What operations could the A-B Computer perform in eight hours? To solve n equations in n unknowns requires about n^3/3 multiplications and n^3/3 additions, in the worst case where every equation involves every unknown. [In practice, many large problems are "sparse," in that every equation only involves a few unknown quantities, making computation much faster.] This means that at 3.75 calculations per second, the A-B Computer could perform about 15,000 multiplications and 15,000 additions in eight hours, sufficient to solve about 35 equations in 35 unknowns. Actually, efficiency was reduced from 100% of peak speed because fewer than 30 simultaneous multiplications-additions generally can be performed, but it appears safe to say that the A-B Computer could solve 30 simultaneous equations in one day.

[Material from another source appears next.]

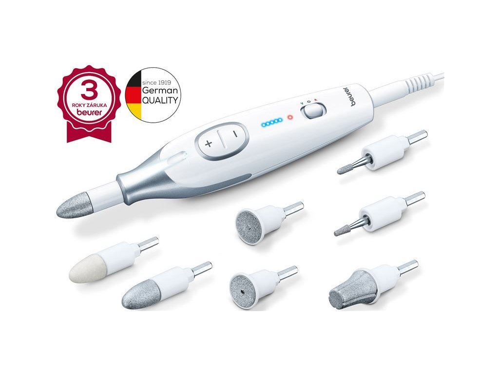 Profesionálna sada BEURER MP 42 na manikúru a pedikúru je neoceniteľným pomocníkom žien, ktoré dbajú na svoju krásu a túžia byť upravené v každej situácii.Ergonomický dizajn zabraňuje skĺznutiu počas používania a môžete si vybrať až zo 7 zafírových nástavcov. Špecializované nástavce sú vhodné ako na úpravu nechtov na rukách a nohách ako aj na odstraňovanie zrohovatenej kože alebo odstránenie mozoľov či kurieho oka. Nechty si krásne opilníkujete, v prípade nechtov na nohách sa zbavíte nevzhľadnej hrubosti a následne povrch nechtov krásne vyleštíte aby bol hladký, jemný a závideniahodný. Okolie nechtov si ošetríte zafírovým kužeľom a už vám nič nebráni pochváliť sa vašim novým a krásnym ja! Charakteristika a technické údaje: Priebežne nastaviteľný V smere hodinových ručičiek / proti smeru hodinových ručičiek So 7 vysokokvalitnými nadstavcami pre starostlivosť o nechty a pokožku Magic LED displej - zobrazí sa len počas prevádzky Pre nechty rúk a nôh Ochranný kryt pre prach z nechtov S jasným LED svetlom Ergonomický dizajn 7 vysoko kvalitných zafírových a plstených nadstavcov: 1. Zafírový kužeľ: odstránenie suchej kože alebo zatvrdnutej kože z chodidiel a päty nôh a na manikúru nechtov 2. Zafírový disk, jemné: plnenie a ošetrenie nechtov, jemné zrno 3. Zafírový disk, hrubý: plnenie a ošetrenie nechtov, hrubé zrno 4. Zafírový callus rasp: rýchle odstránenie hrubých alebo veľkých kusov stvrdnutej pokožky z podošvy a z päty 5. Fréza: na odstraňovanie zarastených nechtov 6. Valcový frézovací žľab: brúsenie a vyhladzovanie lignifikovaných povrchov nechtov 7. Plstený kužeľ: vyhladzovanie a leštenie okraja nechtov po naplnení, ako aj na čistenie povrchu nechtov Vrátane úložného vreckaProdukty MP od nemeckej spoločnosti Beurer sú zárukou kvality a spoľahlivosti. MP 42 ponúka okrem iného aj ‘‘Magic LED displej‘‘, ktorý sa zobrazí len počas prevádzky. Dodávaný je aj s úložným vreckom, do ktorého môžete jednoducho uložiť všetko príslušenstvo a zobrať si ho kdekoľvek na cesty.Klikni video.Dodatočné parametre

By contrast, the FPS-164/MAX can solve about 24,000 equations in eight hours, where each equation involves all 24,000 unknown quantities. Because the work goes as the cube of the number of equations, the performance ratio of 91 million/1 translates into a problem-size ratio of only about 1,000/1.
It is remarkable that the applications for the FPS-164/MAX are so similar to those whichf Atanasoff envisioned: Structural analysis (linear and nonlinear), quantum chemistry, and electromagnetic boundary value problems constitute most of the demand for linear algebra computation today. Circuit analysis is extremely important, but involves many types of computation in addition to solving systems of equations. Of Atanasoff's list, only curve fitting and the method of least squares are specific to small systems of equations; most curve fitting problems become numerically meaningless when the number of degrees of freedom in the curve grows beyond thirty.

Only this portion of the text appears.